Take a drill bit and hold it lightly between your thumb and finger, then with your other hand, push the drill long ways through your fingers, and as you do the drill will rotate. That is the same kind of action that is happening when doing helical milling.
Hope that clears it up for you.
      Birk


----------



## bhjones (Feb 4, 2008)

Thanks Birk. 

The angle of the head/cutter was confusing me. In your other post regarding helical cutting it all made sense with the cutter 90 degrees to the mill table, but while I was trying to envision the operation with the cutter at that angle it seemed like the cutter would cut more material that what it in fact does.


----------



## cfellows (Feb 5, 2008)

I found a video of cutting a helical gear using a single point overhead cutter to cut a helical gear in brass. Does anyone have any experience using this method? Any sense of how well that would work? The cutter just looks like a d-bit with a gear tooth profile.

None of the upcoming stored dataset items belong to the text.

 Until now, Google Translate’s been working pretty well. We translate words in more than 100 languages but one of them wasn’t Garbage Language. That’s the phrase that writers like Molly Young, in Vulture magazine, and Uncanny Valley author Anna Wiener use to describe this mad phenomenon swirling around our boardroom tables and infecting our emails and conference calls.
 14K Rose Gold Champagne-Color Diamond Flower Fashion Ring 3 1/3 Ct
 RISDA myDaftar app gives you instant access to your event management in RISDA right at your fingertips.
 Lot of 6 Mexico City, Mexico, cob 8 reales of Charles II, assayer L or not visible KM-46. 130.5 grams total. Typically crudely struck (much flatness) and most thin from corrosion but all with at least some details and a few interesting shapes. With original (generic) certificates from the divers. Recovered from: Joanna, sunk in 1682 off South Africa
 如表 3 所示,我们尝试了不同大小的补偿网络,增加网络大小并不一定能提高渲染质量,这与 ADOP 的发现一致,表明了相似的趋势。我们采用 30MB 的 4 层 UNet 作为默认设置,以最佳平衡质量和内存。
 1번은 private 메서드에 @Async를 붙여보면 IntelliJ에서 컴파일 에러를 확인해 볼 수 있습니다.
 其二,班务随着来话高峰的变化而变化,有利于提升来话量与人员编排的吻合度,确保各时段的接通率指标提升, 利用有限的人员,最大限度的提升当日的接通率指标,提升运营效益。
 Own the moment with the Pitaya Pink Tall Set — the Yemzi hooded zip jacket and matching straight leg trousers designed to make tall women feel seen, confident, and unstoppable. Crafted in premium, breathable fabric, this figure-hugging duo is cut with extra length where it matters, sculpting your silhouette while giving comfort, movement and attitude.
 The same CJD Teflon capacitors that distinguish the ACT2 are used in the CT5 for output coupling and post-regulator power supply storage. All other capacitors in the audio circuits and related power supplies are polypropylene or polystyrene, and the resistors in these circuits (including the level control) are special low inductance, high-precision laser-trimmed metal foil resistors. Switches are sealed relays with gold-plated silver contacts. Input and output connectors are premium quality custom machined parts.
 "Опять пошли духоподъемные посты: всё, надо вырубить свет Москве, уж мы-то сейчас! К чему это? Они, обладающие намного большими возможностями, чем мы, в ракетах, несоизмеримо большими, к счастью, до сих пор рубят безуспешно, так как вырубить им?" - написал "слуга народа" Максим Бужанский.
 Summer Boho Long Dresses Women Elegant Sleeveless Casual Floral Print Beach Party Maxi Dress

[ame=http://www.youtube.com/watch?v=fps0OR1eF_s]http://www.youtube.com/watch?v=fps0OR1eF_s[/ame]

Chuck


----------



## bhjones (Feb 5, 2008)

Thanks Chuck. 

Is this your setup?

That rocking table/work bench makes me nervous.


----------



## gilessim (Feb 5, 2008)

Here's a pic of a tuning peg for a double bass I made some years ago,we made some spares!, I did the turning and my friend cut the gears with a setup similar to Birk's but made from the "gearbox" from an old lathe, I never completely understood how he got it to work! but it did!, unfortunately he's now gone CNC, for me ,he might just as well have moved to China! (JJ!)





Giles


----------



## cfellows (Feb 5, 2008)

bhjones  said:
			
		

> Thanks Chuck.
> 
> Is this your setup?
> 
> That rocking table/work bench makes me nervous.



Nope, not mine. I think the rocking motion is in the camera mount, not the machine...

Chuck


----------